Ничего, когда Котейшество очистит его память, он сделается покладистым и послушным. Проведет при кафедре спагирии еще не один год, безропотно снося ядовитые остроты и немудреные насмешки следующего поколения юных сук, воспитанных Броккенбургом. Может и мух тоже научится глотать живьем на зависть своему предшественнику…
Барбаросса нахмурилась, крутя банку в руках. Какая-то мысль, задетая, потревоженная, но так и не вылезшая наружу, царапала изнутри острым ноготком. Эта мысль отчего-то зашевелилась стоило ей вспомнить, как кричал гомункул, вот только после того сразу замерла, точно мертвый плод в матке. Все попытки растормошить ее и извлечь наружу приводили лишь к мучительному зуду в затылке.
Дьявол. Если память Котейшества представляла собой большую просторную библиотеку с высокими окнами, чистую и опрятную, как операционная, то ее собственная — походный сундук ландскнехта, набитый вперемешку жратвой, портянками, сухарями да второпях награбленным добром. Запустив в него руку, нечего и думать достать с первого раза то, что нужно.
Фон Лееб. Вот что она вспомнила, уцепившись за эту мысль и вытащив ее на поверхность, точно упрямый сорняк.
Так кричал гомункул — «Я хочу домой, к своему хозяину, господину фон Леебу!».
Это имя почему-то зацепилось за мелкую складку в подкладке памяти, завязло в ней, а теперь вдруг вылезло наружу, отыскав для этого чертовски неподходящий момент.
Барбаросса ощутила разочарование. Замечательно, сестрица Барби, просто замечательно. Ты навскидку не назовешь и половины великих адских владетелей, ты забыла половину алхимических формул и преобразований, из твоей дырявой головы давно высыпались тысячи вещей, которые ты когда-то прилежно штудировала — зато ты отчего-то запомнила имя никчемного старика, у которого украла гомункула. Без сомнения, оно принесет тебе значительную пользу на твоем жизненном пути!..

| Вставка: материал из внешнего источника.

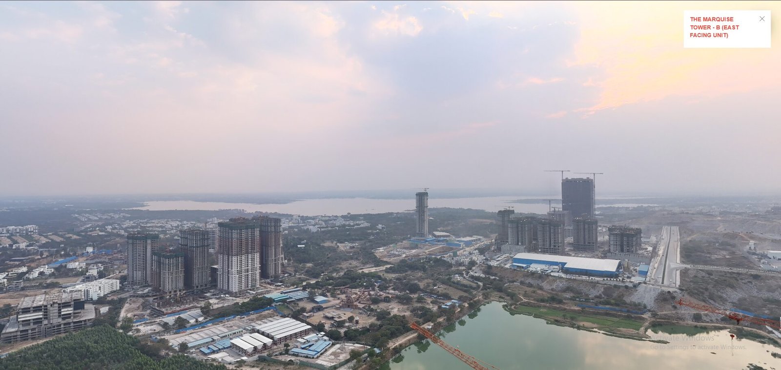 The Marquise features a grand clubhouse (G+5) spread across 51,234 sq.ft., along with an expansive 87,000 sq.ft. podium level. The landscaped spaces offer a 360° view of Kokapet Lake and Osman Sagar Lake. Every flat is a corner flat, ensuring maximum light and ventilation, and all homes are fully Vastu-compliant. The project is located along a 120 ft. (36 m) wide road, providing excellent accessibility. Equipped with high-speed automatic elevators for both passengers and goods, each block has dedicated lobbies for added convenience, and the design includes a podium parking structure rising up to 4 levels above ground.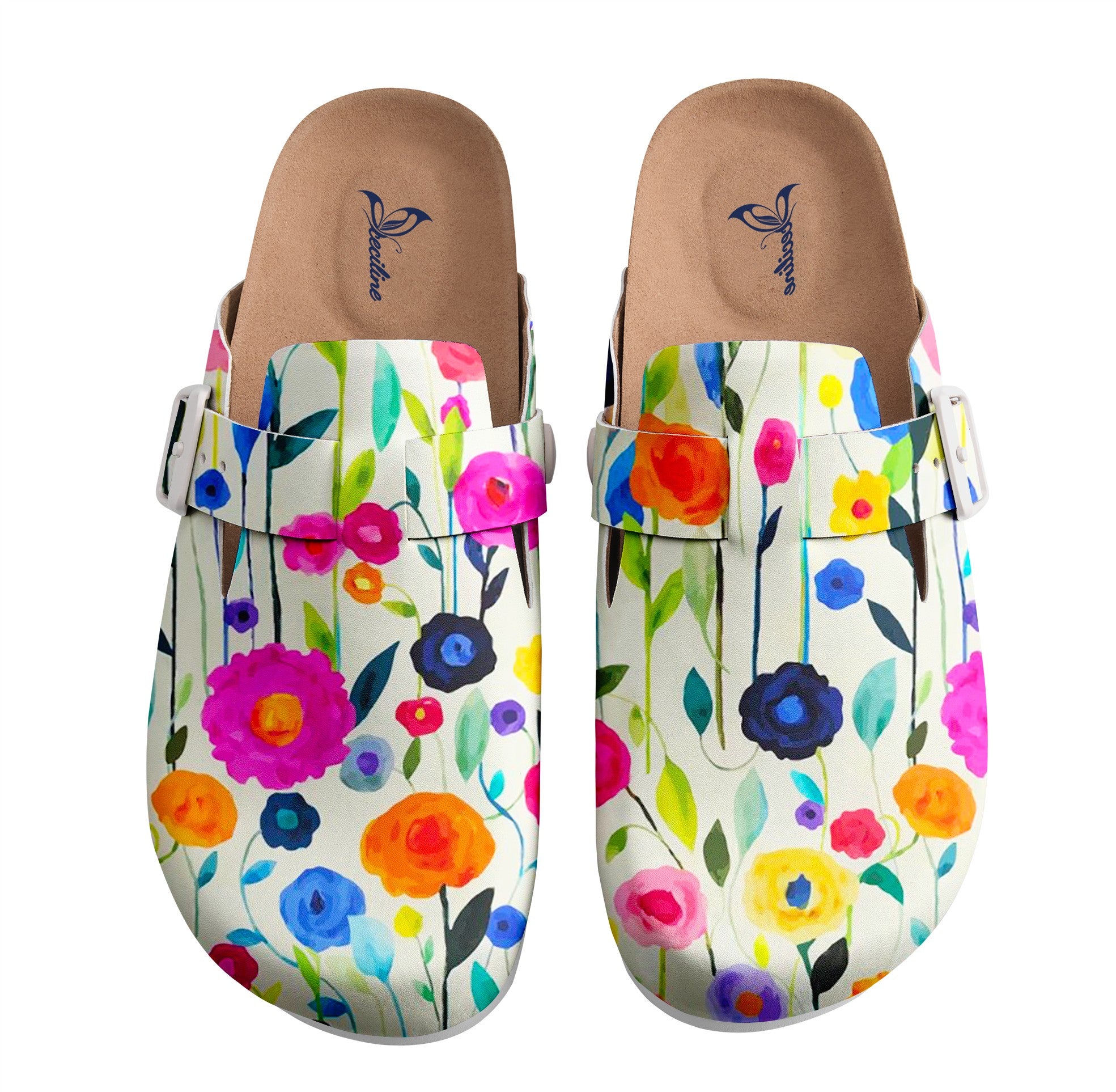 This design features a vibrant array of colorful flowers, each with unique shapes and charm. The soft light-colored background contrasts with the flowers, filling the composition with life and energy. The flowers' arrangement, combined with dynamic lines, creates a whimsical, modern feel, transporting viewers to a dreamy garden with a refreshing and joyful visual experience.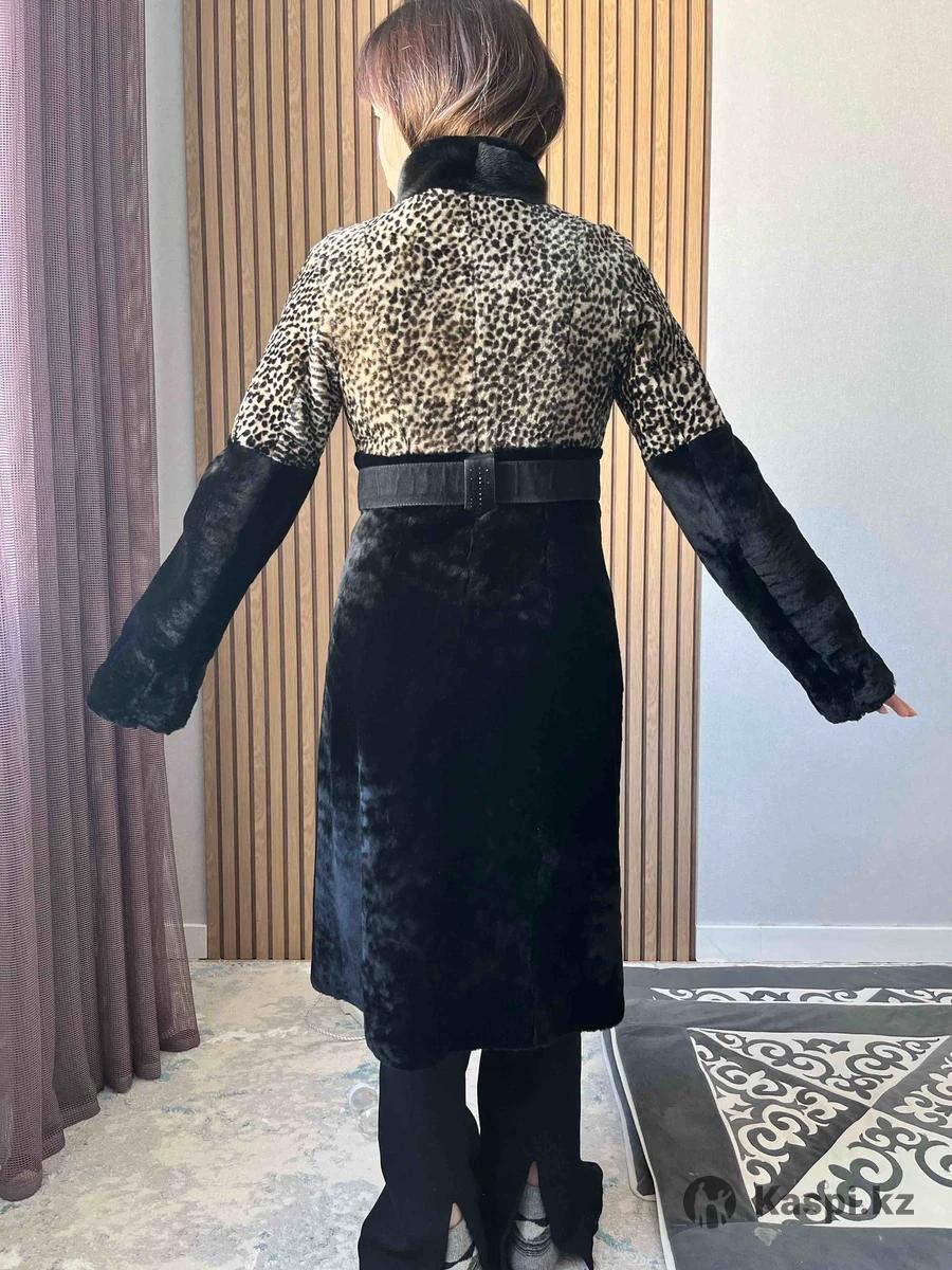 Шуба мутон черная, С леопардовым принтом есть вставки Норки. Внутренняя часть кожа, атлас.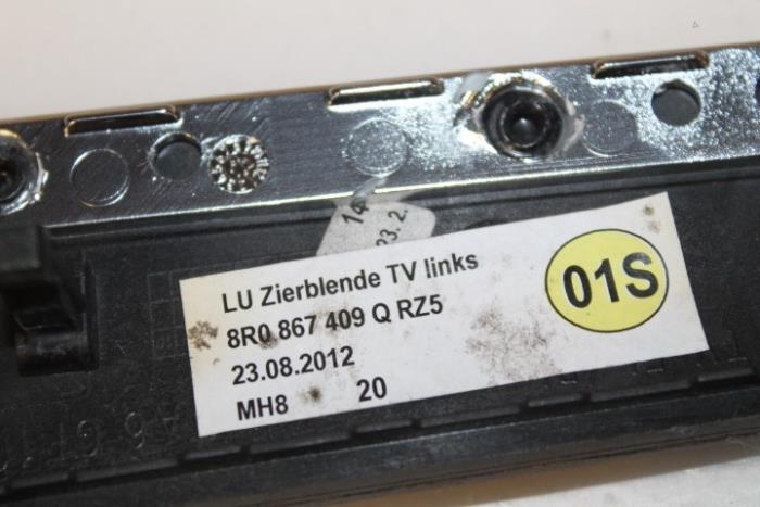Sierlijst portier links voor / links achter Kleur: Notenboomwortel/chocobruin Kleurcode: RZ5 Fabrikant: OE Vergelijkingsnummer: 8R0867409Q RZ5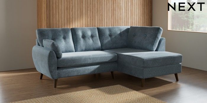 7.2.6 Buy Wilson Buttoned Back Medium Corner Chaise - Right Hand Plush Chenille Light Blue Retro Tapered - Mid from the Next UK online shop Click here to use our accessible website

Черт, так уж была устроена ее память. Вместо того, чтоб сохранять вещи значимые и нужные, она сохраняла всякий никчемный вздор, который только мешал соображать и лез наружу в самый неподходящий момент. С такой головой впору работать на мельнице, таскать мешки и ворочать жернова, а не мнить себя ведьмой…

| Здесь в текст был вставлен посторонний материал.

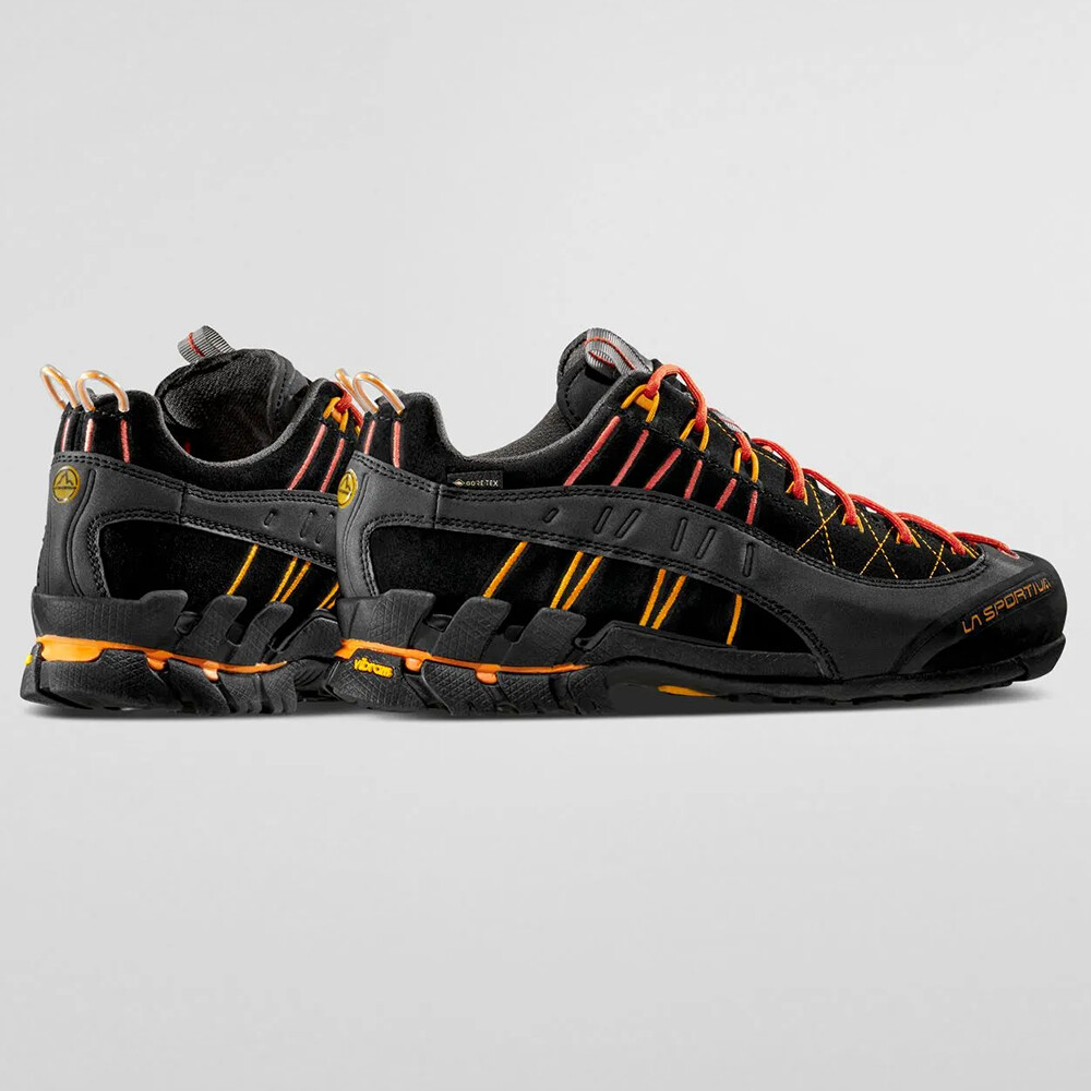 Cizme tehnice cu talpă cu aderență ridicată și șiret extins pe care vă puteți baza cu adevărat atunci când mergeți pe teren stâncos (Via Ferata, acces sub terenul de alpinism). Partea superioară din piele garantează o rezistență ridicată la abraziune și la pătrunderea umidității din exterior. Rezistența la apă este îmbunătățită prin utilizarea unei membrane GORE-TEX®, care asigură, de asemenea, un confort termic optim în interiorul pantofului. În plus, datorită tăieturii ergonomice sofisticate, pantofii Hyper GTX se potrivesc perfect pe picior... astfel încât să nu-i mai puteți da jos.

Фон Лееб, фон Лееб… Отчего-то же ее память, эта никчемная разбойница, сунула это имя в мешок, мгновенно опознав в нем что-то важное? Сунула — и мгновенно забыла, зачем. Прелестно. Может, оно несло в себе какой-то смысл или, тем паче, какую-то опасность? Фон Лееб… Может, хозяин гомункула — какая-то важная шишка в городском магистрате, один из влиятельных советников господина Тоттерфиша? Почтенный, вышедший на пенсию, военачальник? Богатый негоциант? Вспомнив убогую обстановку гостиной, занюханную мебель, никчемные акварели на стенах, засыпанные мышиным пометом углы, Барбаросса чуть не фыркнула. Нет, господин фон Лееб, в прошлом счастливый владелец гомункула, не был ни кронпринцем инкогнито, ни соратником короля Матиаса. Всего лишь занюханным солдафоном, доживающим свои дни в глухом, отгороженном от всего мира, углу.